When to use: Vendor evaluations, performance reviews, proposal assessments, quality audits.
Pattern 6: Comparative Analysis
What it is: Ask the AI to compare options side-by-side against defined criteria.
Template:
Compare [Option A] vs [Option B] vs [Option C] on these dimensions:
- [Dimension 1]
- [Dimension 2]
- [Dimension 3] For each dimension: explain the key differences, rate each option (1-5), and identify the clear winner. Conclude with an overall recommendation.
When to use: Technology selection, strategic alternatives, vendor comparison, policy options.
Pattern 7: Iterative Refinement
What it is: Start with a broad request, then refine through follow-up prompts.
Template — Round 1: Generate the first draft. Round 2: "Make it more concise — cut to 300 words" Round 3: "Add specific data points and examples for the Malaysia market" Round 4: "Change the tone from academic to conversational" Round 5: "Format as a table with action items"
When to use: Always. Rarely is the first output perfect. Plan for 2-4 rounds of refinement.
Combining Patterns
The most effective prompts combine multiple patterns:
Role + Constraint + Chain-of-Thought: You are a senior management consultant. Analyse whether Company X should enter the Indonesian market. Think step by step. Maximum 500 words. Output as: Executive Summary, Analysis, Recommendation.

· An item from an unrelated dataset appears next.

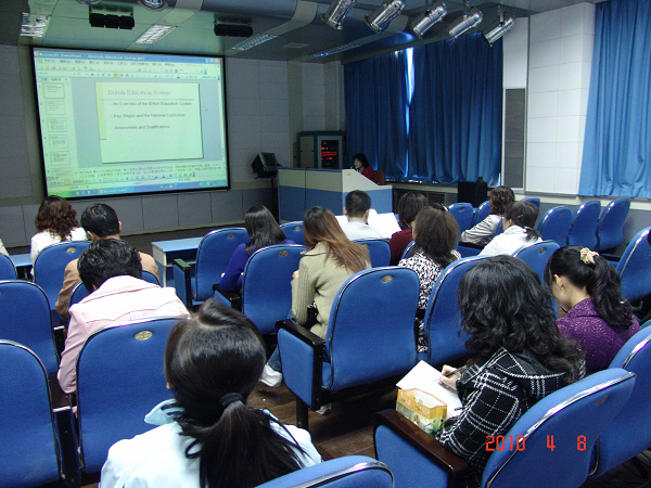 4月8日下午,我系郑翠玲副教授在外语系高级视听说实验室为广大师生作了关于英国教育体制的报告。外语系教师和部分研究生参加报告会,系党委书记龙清林研究员出席并主持会议。

Role + Few-Shot + Rubric: You are an HR director. Evaluate these 3 candidates using the scorecard below. Here is an example of how I want each evaluation structured: [example]. Now evaluate: [candidates].
Quick Reference Card
| Pattern | When to Use | Key Phrase |
|---|---|---|
| Role | Always | "You are a [expert]..." |
| Constraint | Need format control | "Constraints: format, length, tone..." |
| Chain-of-thought | Complex reasoning | "Think step by step..." |
| Few-shot | Need consistency | "Here are examples..." |
| Rubric-based | Evaluations | "Evaluate against this rubric..." |
| Comparative | Decisions | "Compare X vs Y on..." |
| Iterative | Always | Multiple refinement rounds |
Related Reading
- Prompting Structured Outputs — Get consistent, formatted results from AI tools
- Prompting Evaluation and Testing — Systematic approaches to testing prompt effectiveness
- ChatGPT Output Evaluation — How to evaluate and improve the quality of AI outputs
Frequently Asked Questions
Prompt patterns are reusable techniques for structuring AI instructions that consistently produce better results. The 7 essential patterns are: role prompting, constraint-based, chain-of-thought, few-shot, rubric-based, comparative analysis, and iterative refinement. Each addresses a different type of business task.
Start with role prompting (always define who the AI should be) and constraint-based prompting (format, length, tone). Add chain-of-thought for complex analysis, few-shot for consistency across outputs, rubric-based for evaluations, and comparative for decisions. Most effective prompts combine 2-3 patterns.
Plan for 2-4 rounds of iterative refinement. The first output is rarely perfect. Round 2 adjusts scope and detail. Round 3 refines tone and format. Round 4 polishes the final output. As your prompts improve, you will need fewer refinement rounds.